* **WORK REQUEST**:
Reproduce, exactly and only, the lines of the data that follows from the one containing "Certificado emitido por" down to the one containing "El porcentaje de", without pictures.

━━━ RECORDS FOR PROCESSING ━━━

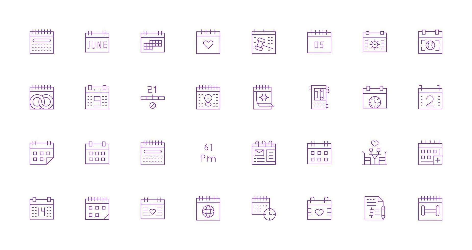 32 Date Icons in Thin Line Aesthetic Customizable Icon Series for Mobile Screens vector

━━━
━━━ RECORDS FOR PROCESSING ━━━

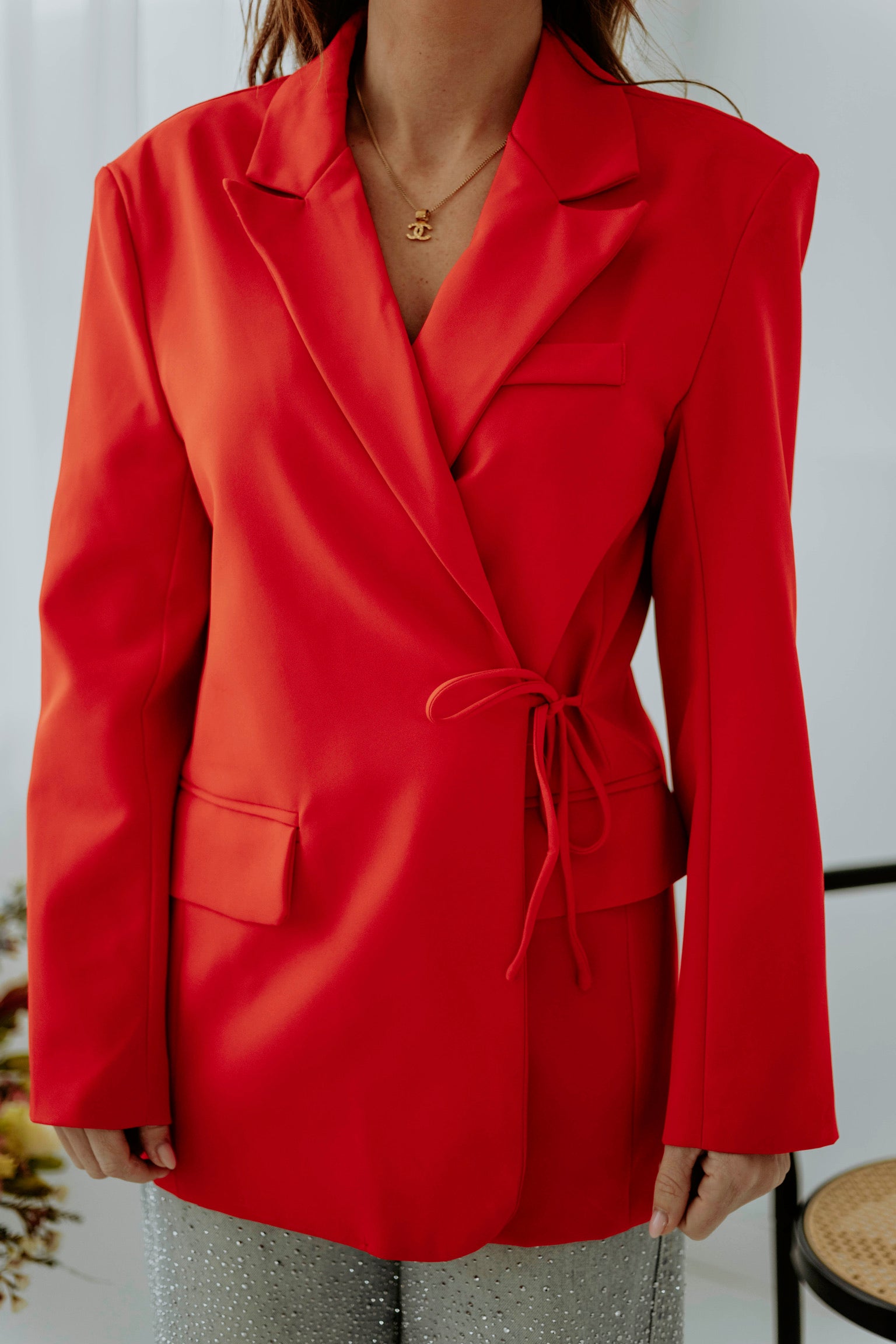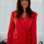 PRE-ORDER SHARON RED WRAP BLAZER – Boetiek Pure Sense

━━━
━━━ RECORDS FOR PROCESSING ━━━

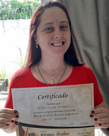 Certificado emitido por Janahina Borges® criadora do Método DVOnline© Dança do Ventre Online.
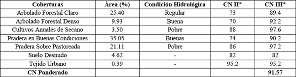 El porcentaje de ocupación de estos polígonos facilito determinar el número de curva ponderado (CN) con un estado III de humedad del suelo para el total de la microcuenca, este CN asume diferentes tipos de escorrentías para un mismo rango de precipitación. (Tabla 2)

━━━

* **REPLY**:
 Certificado emitido por Janahina Borges® criadora do Método DVOnline© Dança do Ventre Online.
 El porcentaje de ocupación de estos polígonos facilito determinar el número de curva ponderado (CN) con un estado III de humedad del suelo para el total de la microcuenca, este CN asume diferentes tipos de escorrentías para un mismo rango de precipitación. (Tabla 2)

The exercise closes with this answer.